1. **Retriever**: The retriever gets the most relevant documents from the vector store for the given query. This is done by comparing the query's embedding with the document embeddings stored in the vector store.
   
2. **Document Combination**: The retrieved documents are combined into a single string, which serves as the context for the language model. This string is created by joining the text of the top `k` relevant documents.
   
3. **Generative Model**: The combined text is passed to the language model (e.g., GPT-3), which generates a response based on both the original query and the additional context from the retrieved documents.

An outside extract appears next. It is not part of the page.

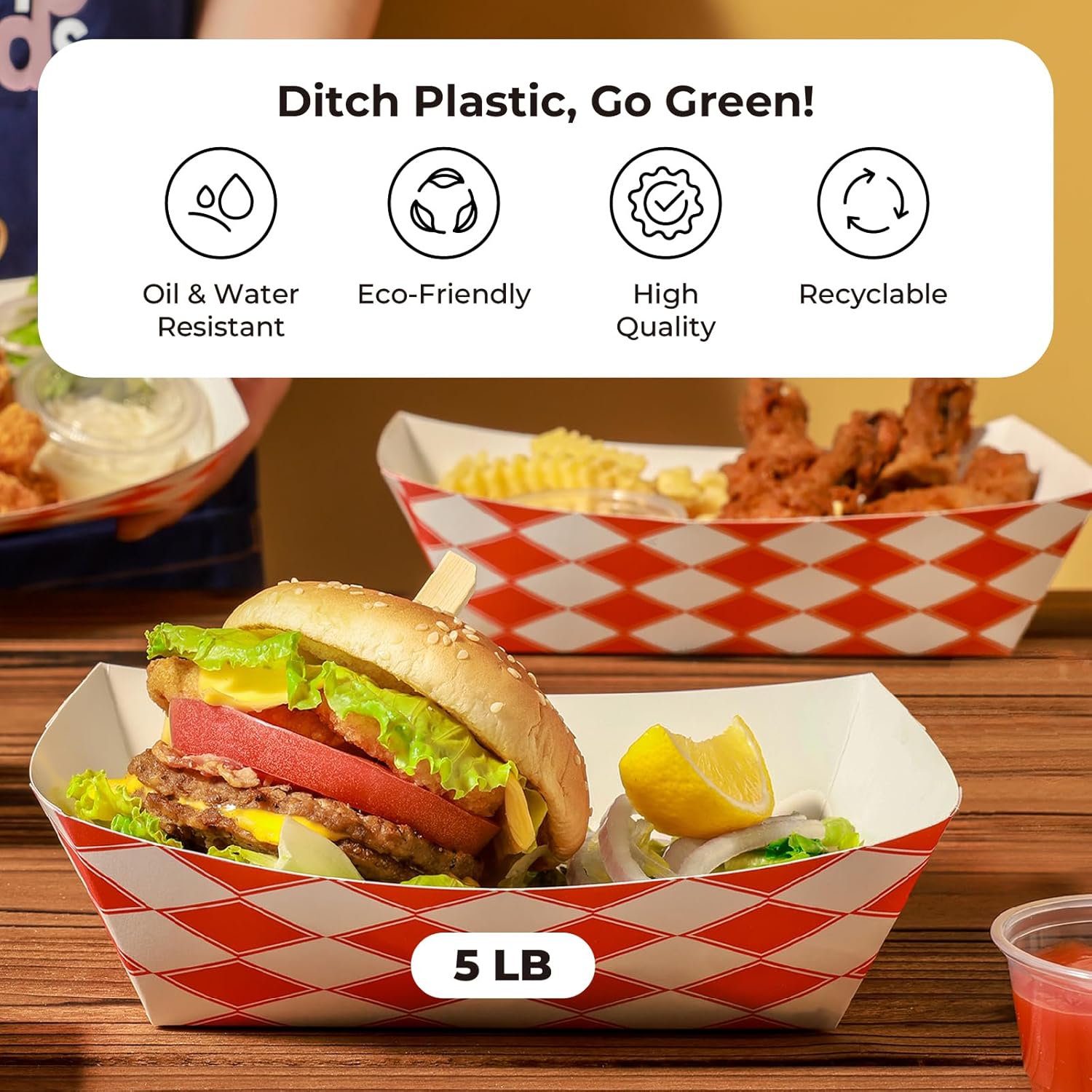 - Classic Design: These rectangular paper food trays are designed with a red checkered exterior that will give your party or picnic that fun, classic feel that you and your guests will love. Bring that rustic feel to birthday parties, weddings, baby showers, picnics, carnivals, and more.

### Advantages of RAG in LCEL

- **Knowledge Extension**: RAG allows models to access external information, effectively extending the knowledge base beyond what the model was trained on.
  
- **Customizable Pipelines**: With LCEL, you can easily modify the pipeline to fit different tasks by swapping out components (e.g., changing the retriever or the language model).
  
- **Scalability**: LCEL enables scalable batch processing of multiple queries, making it easier to handle large datasets or a high volume of requests.
  
- **Modular and Composable**: Each step in the RAG pipeline is modular, so you can compose different workflows for retrieval and generation depending on the use case.

### Further Enhancements

- **Contextual Preprocessing**: You can add additional preprocessing steps (like reformatting the query) before retrieval using LCEL.
  
- **Post-Processing**: You can introduce post-processing steps (like summarization or answer extraction) after generation.
  
- **Advanced Retrieval**: Incorporate more sophisticated retrievers, such as hybrid retrieval (combining keyword search with embeddings) or re-ranking techniques.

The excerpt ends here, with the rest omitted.